Data for processing:
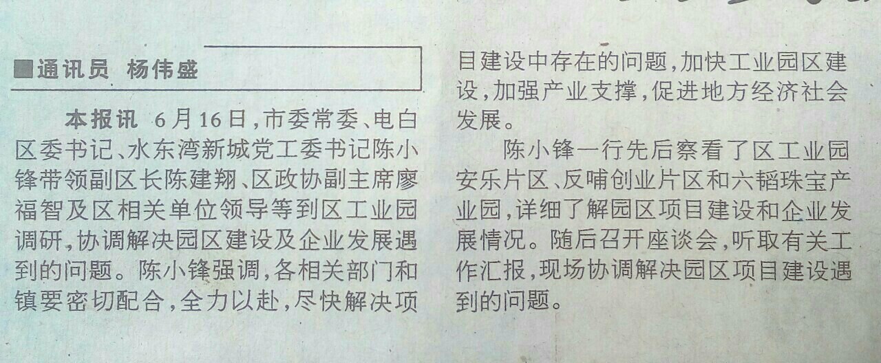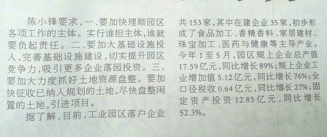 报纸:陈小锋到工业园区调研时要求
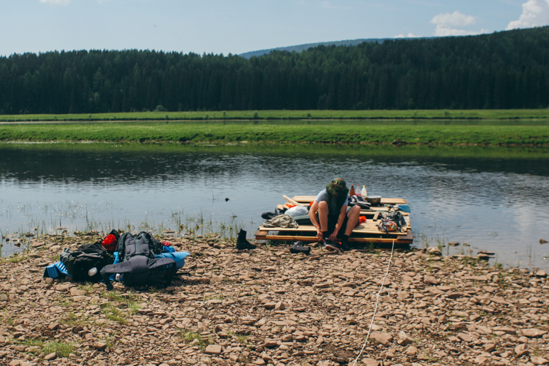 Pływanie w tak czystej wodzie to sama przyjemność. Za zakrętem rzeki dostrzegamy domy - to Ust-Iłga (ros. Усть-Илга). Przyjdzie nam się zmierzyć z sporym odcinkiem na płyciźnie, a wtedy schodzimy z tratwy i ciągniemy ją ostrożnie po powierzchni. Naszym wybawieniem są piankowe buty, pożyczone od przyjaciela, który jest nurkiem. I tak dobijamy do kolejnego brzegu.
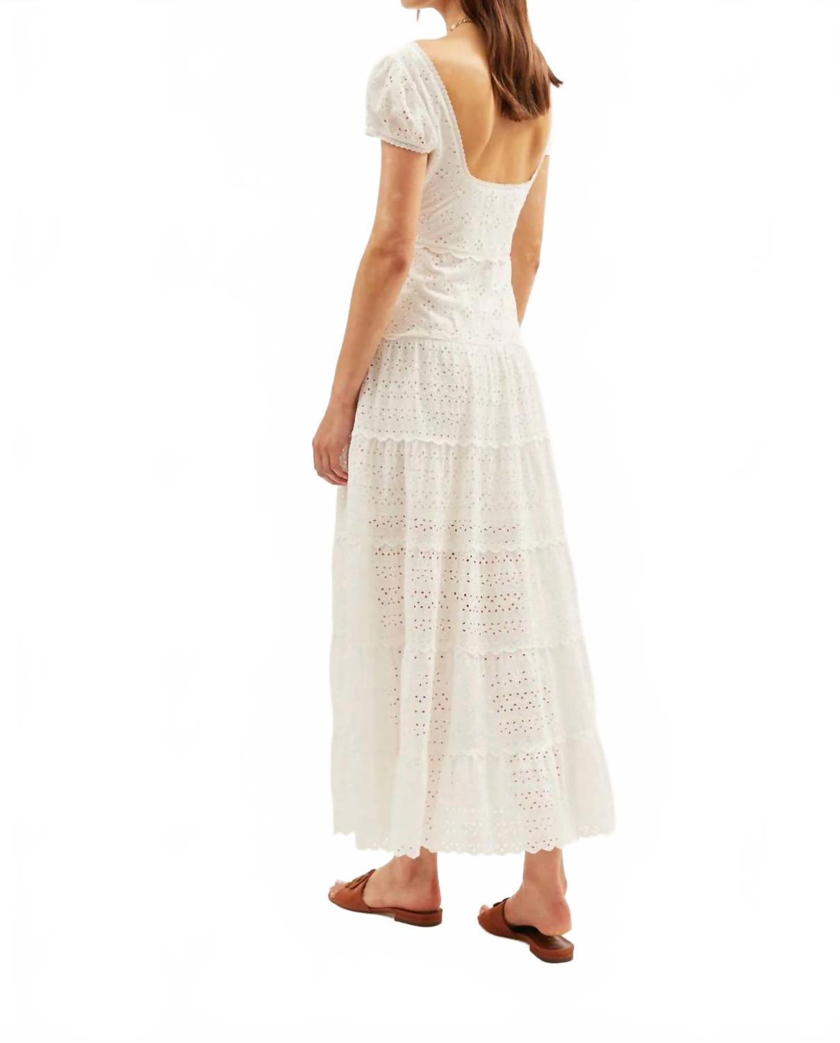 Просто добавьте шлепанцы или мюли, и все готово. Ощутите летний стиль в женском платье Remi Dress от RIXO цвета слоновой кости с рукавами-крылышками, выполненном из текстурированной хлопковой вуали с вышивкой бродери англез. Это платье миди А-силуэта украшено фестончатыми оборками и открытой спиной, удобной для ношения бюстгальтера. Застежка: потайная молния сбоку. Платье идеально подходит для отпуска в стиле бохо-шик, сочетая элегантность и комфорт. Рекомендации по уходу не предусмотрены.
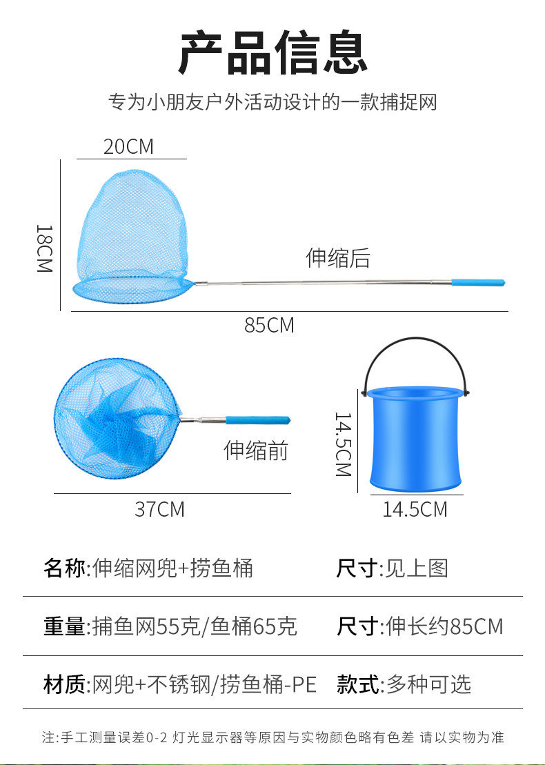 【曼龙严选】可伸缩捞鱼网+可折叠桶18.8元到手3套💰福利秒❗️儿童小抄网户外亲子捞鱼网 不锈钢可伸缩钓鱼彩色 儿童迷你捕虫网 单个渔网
--
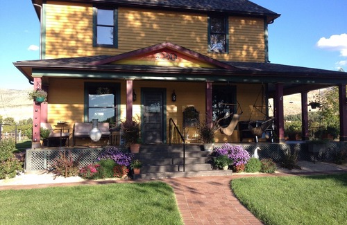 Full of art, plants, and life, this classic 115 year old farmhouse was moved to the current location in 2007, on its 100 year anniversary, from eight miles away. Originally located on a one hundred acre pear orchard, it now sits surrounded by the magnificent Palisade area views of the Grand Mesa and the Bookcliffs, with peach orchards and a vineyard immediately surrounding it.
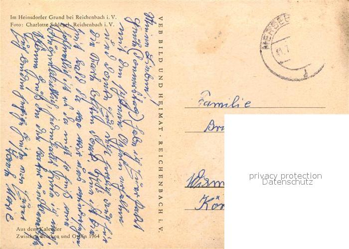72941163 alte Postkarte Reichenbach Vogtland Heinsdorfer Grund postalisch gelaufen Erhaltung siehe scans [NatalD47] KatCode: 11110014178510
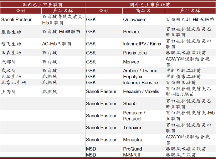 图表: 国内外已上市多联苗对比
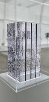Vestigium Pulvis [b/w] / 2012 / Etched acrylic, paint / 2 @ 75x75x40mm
---
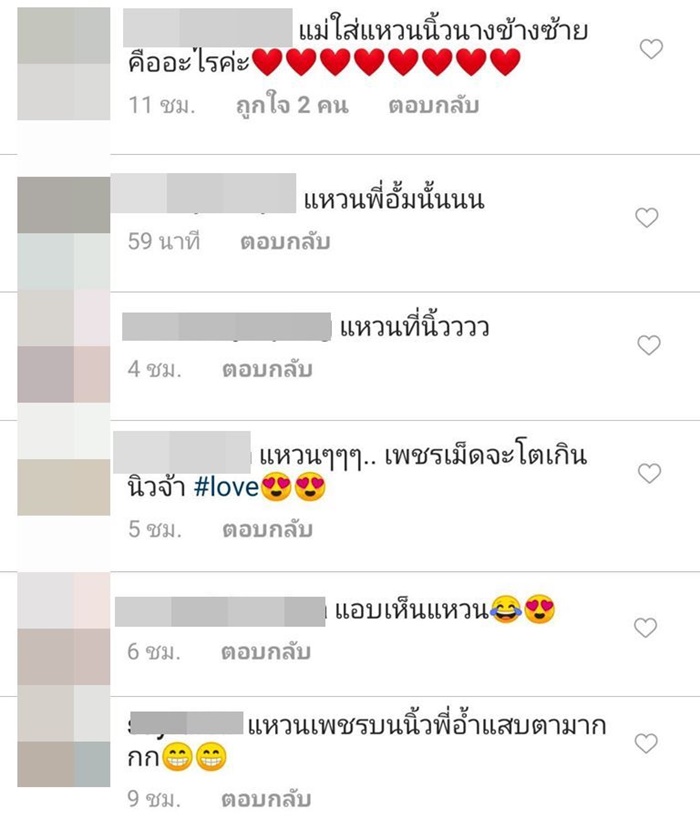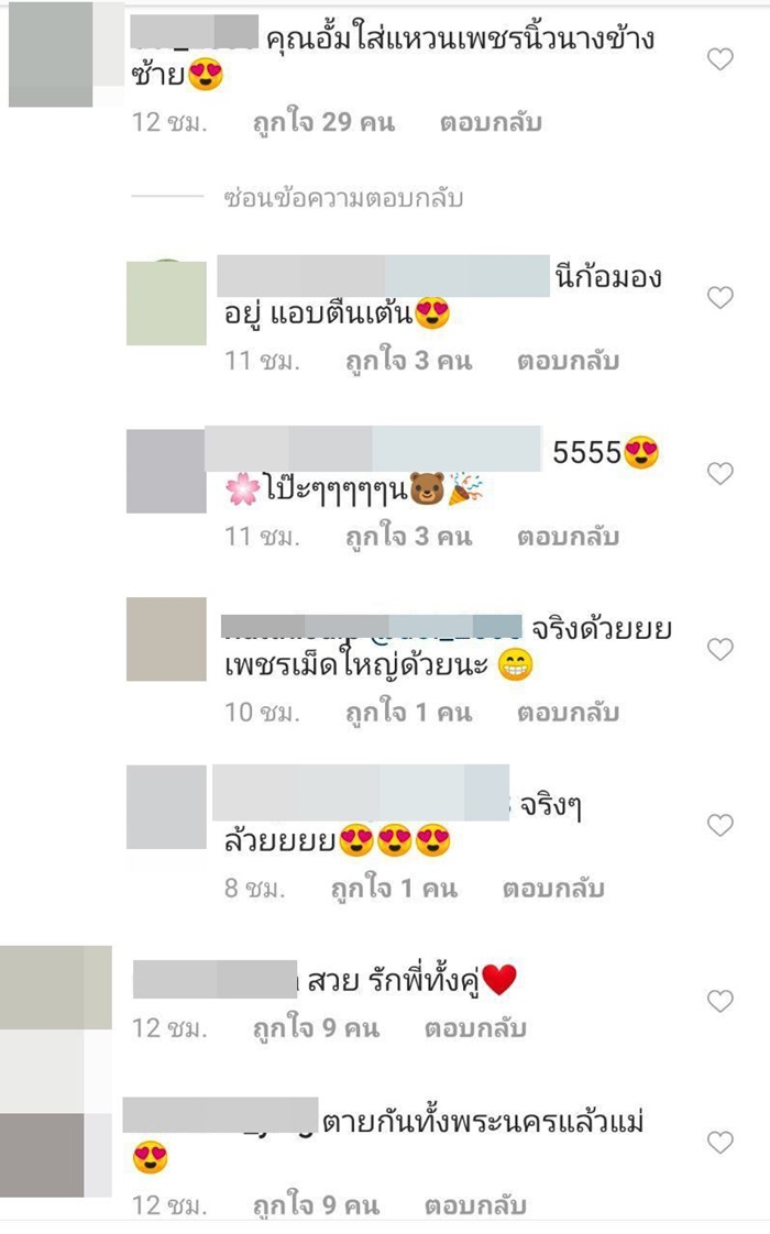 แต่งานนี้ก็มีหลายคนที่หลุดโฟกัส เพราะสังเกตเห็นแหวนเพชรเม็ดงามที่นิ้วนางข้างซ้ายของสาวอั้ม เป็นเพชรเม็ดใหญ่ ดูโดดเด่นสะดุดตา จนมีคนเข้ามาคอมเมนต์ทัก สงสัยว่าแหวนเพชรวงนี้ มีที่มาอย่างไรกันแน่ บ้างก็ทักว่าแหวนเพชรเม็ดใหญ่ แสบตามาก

To do:
The line holding "图表: 国内外已上市多联苗对比" starts the copy and the line holding "Vestigium Pulvis [b/w]" ends it. Repeat those two lines above and all between them exactly, leaving out pictures.

Task result:
 图表: 国内外已上市多联苗对比
Vestigium Pulvis [b/w] / 2012 / Etched acrylic, paint / 2 @ 75x75x40mm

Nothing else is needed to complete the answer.